Innovative solutions being sought by schools
by Mary Scott Nabers,
CEO of Strategic Partnerships, Inc.
During summer months, educators in the past used the time to implement new programs and improvements for students and teachers. But, in the last few years, with funding slashed, most educators across the country simply try to uphold standards in a cost-effective manner. A recent poll conducted by Phi Delta Kappa and Gallup found that the greatest challenge to education is funding.
It is interesting to see how school districts throughout the country are spending what funding they do receive. Some common trends include the following:
Educators have invested what funds they have in data-driven technology. On the federal, state and local levels, new data systems are being used for tracking student progress and teacher performance.
This is the primary way educators are trying to improve accountability and quality of teaching.
- The federal government program, Race to the Top, provides grants to states that implement statewide Longitudinal Data Systems. The program recently announced grants awarded to 24 states ranging from $2.6 million to $5 million. The funding is used to help states design and develop the systems that track student progress from kindergarten through college.
- Fourteen school districts in Michigan are participating in a large pilot program to test four different models of teacher evaluations. Following the one-year pilot program, the state will hire an outside consultant to analyze the data collected and report findings. The pilot system will cost $5 million and lawmakers will pick one of the models to implement statewide after the data is analyzed.
- Pickerington Local School District in Ohio recently launched a new student data system.

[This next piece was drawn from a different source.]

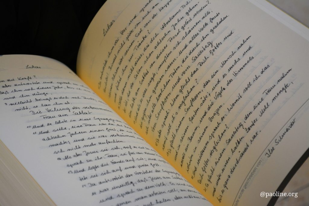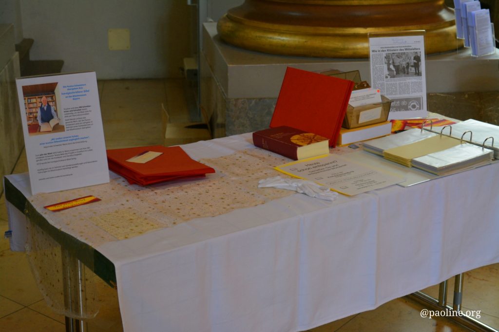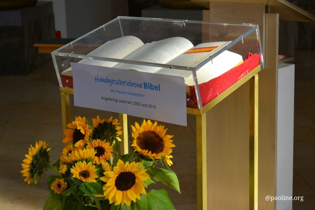 Nata nel 2003 a Francoforte durante l’Anno Biblico indetto dalle Chiese cattolica e protestante, l’iniziativa delle Figlie di San Paolo di far copiare a mano l’intera Bibbia è diventata oggi un’opera museale. Clienti della libreria, passanti, famiglie e scolaresche hanno contribuito negli anni alla trascrizione dei testi sacri.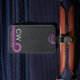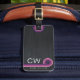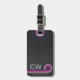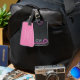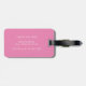 Modernes Retro-Gepäckanhänger mit rosa und lila Streifen auf schwarz gebürstetem Metall. Sans Serif Schriftart in Weiß. Die doppelseitige Option hat einen rosa Hintergrund mit weißer Schrift.

It is responsible for transmitting letters to parents, providing student test scores, attendance records and the status of fees collected or owed.
In an attempt to attract much-needed funding, school districts are awarding naming rights to school facilities and allowing advertising on school assets.
- Fort Atkinson School District approved a 10-year agreement with PremierBank to sponsor the name of the high school’s gymnasium. The school district will receive $50,000 in exchange for calling the facility "PremierBank Arena."
- Arizona State University officials are considering selling naming rights to Sun Devil Stadium. University officials hope the plan, if approved, will fund improvements to the stadium.
- Hatboro-Horsham School District in Pennsylvania recently passed a policy allowing sponsorships and advertisements on school-owned property. The school board passed the initiative unanimously, citing the dire need for new revenue.
- Many school districts now use social media platforms to communicate to parents, students and employees. It dramatically cuts their costs and the results and acceptance have been positive.
Got a new or innovative solution for school officials to consider? Most likely, it won’t be hard to get them to listen.